Skills and diversity
- The UK government should encourage participation from under-represented communities in the space sector, including women, ethnic minorities, those from low socio-economic backgrounds, persons with disabilities, and re-skilled professionals (eg, those made redundant).
- Any data and technology solutions designed by British organisations should be designed in an inclusive and responsible way, which ultimately leads to better uptake of solutions. This is especially true in international development, where a lack of stakeholder inclusion and systems thinking can lead to unsustainable programs. For example, many data for development programs end after the initial funding period because the political and community engagement foundations weren’t established – governments are unwilling to maintain programs for evidence-based decisions, and citizen trust hasn’t been established for effective policy change. While it’s not possible for British organisations to deeply engage in all corners of the world, partnership organisations like the Global Partnership play a critical supporting role.

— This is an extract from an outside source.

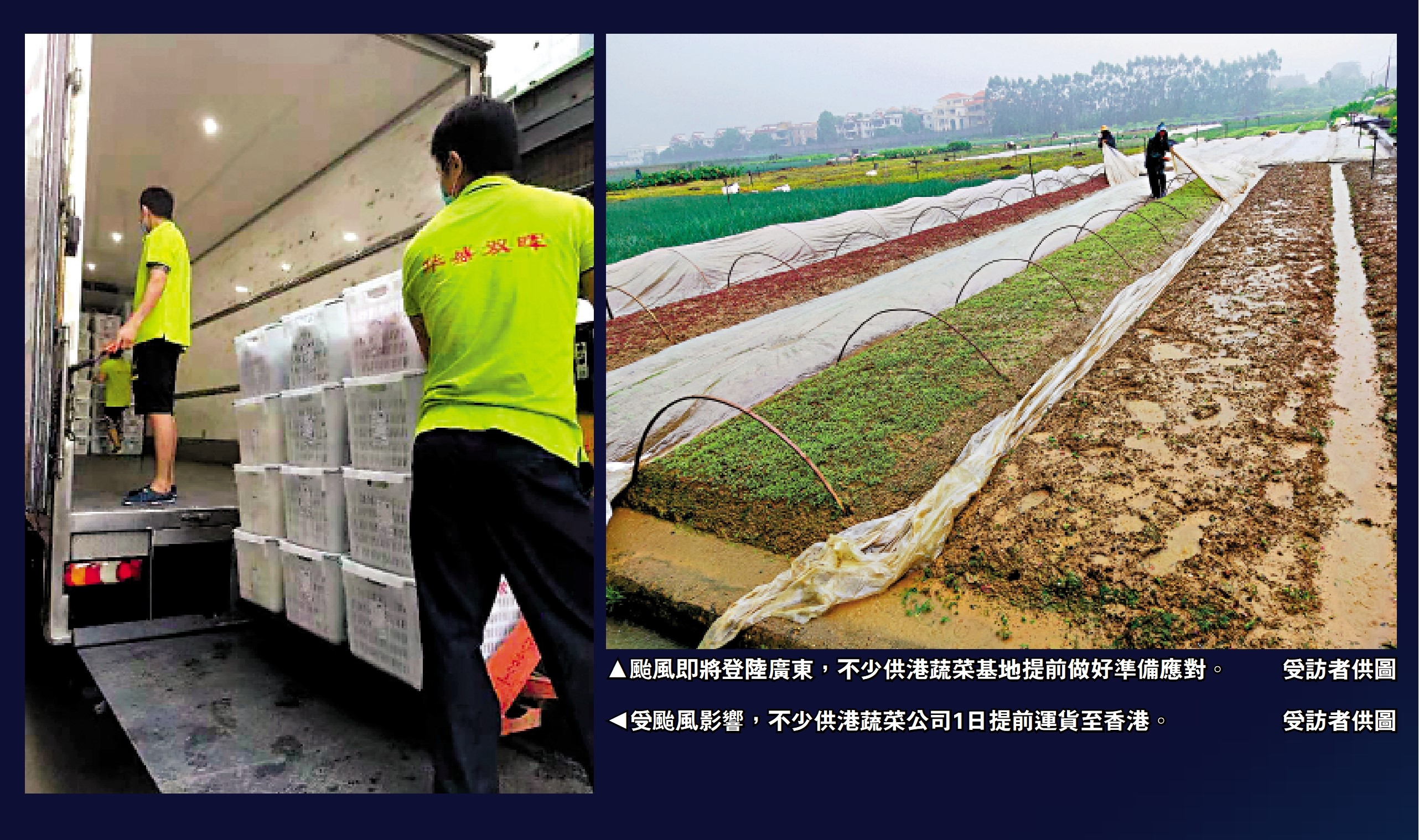 「受颱風影響,這兩天香港客戶下單多了一些,今天(1日,下同)的訂單量已經恢復到和平常差不多,估計香港市場那邊供應量比較充裕。」廣東供港蔬菜企業雙暉農業科技有限公司經理謝少帆告訴記者,公司正常大概每天運送5車約35噸菜心等葉子菜到香港。「我們唯一擔心打風對運輸造成影響,所以我們也會為提前出貨做準備。不過還好今天一切順利,也沒有收到運輸公司和市場停工通知。不少同行還提前到早上6點到8點將供港蔬菜運輸過關。」他介紹,往年供港蔬菜基地遇到颱風天,也會提前出兩天貨或當天提早出貨,保障供應。
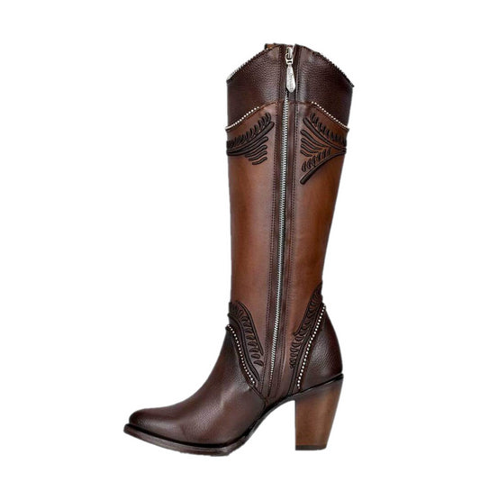 Cuadra Womens Embroidered High Knee Boot - Damasco Chocolate

- For instance, from the Global Partnership’s experience, political engagement is critical for the success of any technology for development program – this takes time, commitment, and funding. We developed the Africa Regional Data Cube with NASA, which is essentially an earth observations solution for environmental management. The foundations we laid means that the tool continues to be useful, for example to save endangered rhinos in Kenya. The UK Space Agency’s strategy should focus on deep international engagement and make the most of partnerships to achieve that.
Research funding, investment and economic growth
- The UK government, in establishing the British space sector as a global leader, should focus more on deep stakeholder engagement, whether for commercial or international assistance purposes. For international development, the users of data and technology solutions need to be meaningfully engaged, so that solutions are ultimately more likely to be useful and financially sustainable beyond initial funding. The role of partnership organisations in international stakeholder engagement cannot be understated, by helping to aggregate needs, establish long-term governance frameworks and scale best practices from other countries and organisations.
- Professionals in the sector should be given the opportunity to understand the international space market from first-hand experience. This could include international work placement programs in strategic countries, as well as funding as part of academic programs to engage local communities in any internationally focused research projects (eg, Arctic research and engagement with Indigenous communities). This should particularly cater to under-represented professionals in the UK space sector, who may face greater barriers in accessing these types of international opportunities (eg, women, ethnic minorities, those from low socio-economic backgrounds, persons with disabilities, and re-skilled professional).